Continued evidence of DEG in health products, however, prompted FDA to issue a guidance in May 2007, recommending that manufacturers perform appropriate tests to ensure that any glycerin used in preparing liquid drugs is not contaminated. The document refers to limit and identity tests listed in the USP glycerin monograph and a thin-layer chromatography test method. FDA also advises manufacturers to identify reliable suppliers for glycerin and other ingredients associated with contamination problems.
Persistent evidence of contaminated imports reflect FDA's difficulties in monitoring and identifying noncompliant food and drug ingredients from overseas. In announcing the new GMP rule, FDA officials said they would adopt a risk-based approach to ensuring manufacturer compliance with quality standards.
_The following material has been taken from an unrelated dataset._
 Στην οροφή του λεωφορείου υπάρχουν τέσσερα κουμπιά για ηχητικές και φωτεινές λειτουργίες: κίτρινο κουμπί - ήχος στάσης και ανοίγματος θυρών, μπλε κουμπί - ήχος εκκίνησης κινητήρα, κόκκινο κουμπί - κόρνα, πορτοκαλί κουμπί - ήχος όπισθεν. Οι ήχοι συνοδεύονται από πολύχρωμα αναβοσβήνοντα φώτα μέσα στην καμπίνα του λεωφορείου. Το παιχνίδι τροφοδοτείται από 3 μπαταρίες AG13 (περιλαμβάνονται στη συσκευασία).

That translates into relatively few direct inspections of manufacturers, particularly those overseas, unless evidence of contamination or rule violations surfaces. FDA's reliance on supplement manufacturers and packagers to ensure ingredient quality is a symptom of the limits on agency enforcement and oversight capabilities. While FDA conducts more than 1000 drug GMP inspections in the US every year, it visits only a few hundred foreign manufacturers, despite the growing portion of drug ingredients and generic drugs now coming from India, China, and other countries.
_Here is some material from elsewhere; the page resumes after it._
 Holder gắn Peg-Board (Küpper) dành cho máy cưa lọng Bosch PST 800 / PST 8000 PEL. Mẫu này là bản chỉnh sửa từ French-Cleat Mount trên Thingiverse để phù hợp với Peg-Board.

Whether FDA's GMP rule will ensure high-quality and safe dietary supplements will be examined further by Congress. The House Energy and Commerce Committee recently asked the Government Accountability Office to examine dietary-supplement concerns, including overly vague health claims in product labels, FDA's ability to detect safety problems, and the status of adverse-event reporting.
One result of the IOM report of 2004 was to spur Congress to enact the Dietary Supplements and Nonprescription Drug Consumer Protection Act in December 2006. The law replaces voluntary adverse-event reporting for supplements with a required system that goes into effect in December 2007. Manufacturers are working with FDA to clarify reporting policies as the implementation deadline draws near. Key issues include what information should be placed on product labels to advise retailers and consumers how to report adverse events, what qualifies as a "life-threatening" adverse event, and where certain information should be written on FDA's MedWatch form.
When DSHEA was enacted in 1994, it applied to about 4000 products sold in the US. Today, the supplement market includes some 30,000 products. Yet, FDA funds for overseeing supplements have declined. While the new GMP regulations may help improve the quality of these diverse products, FDA will need more resources to establish a level playing field for producing and marketing dietary supplements.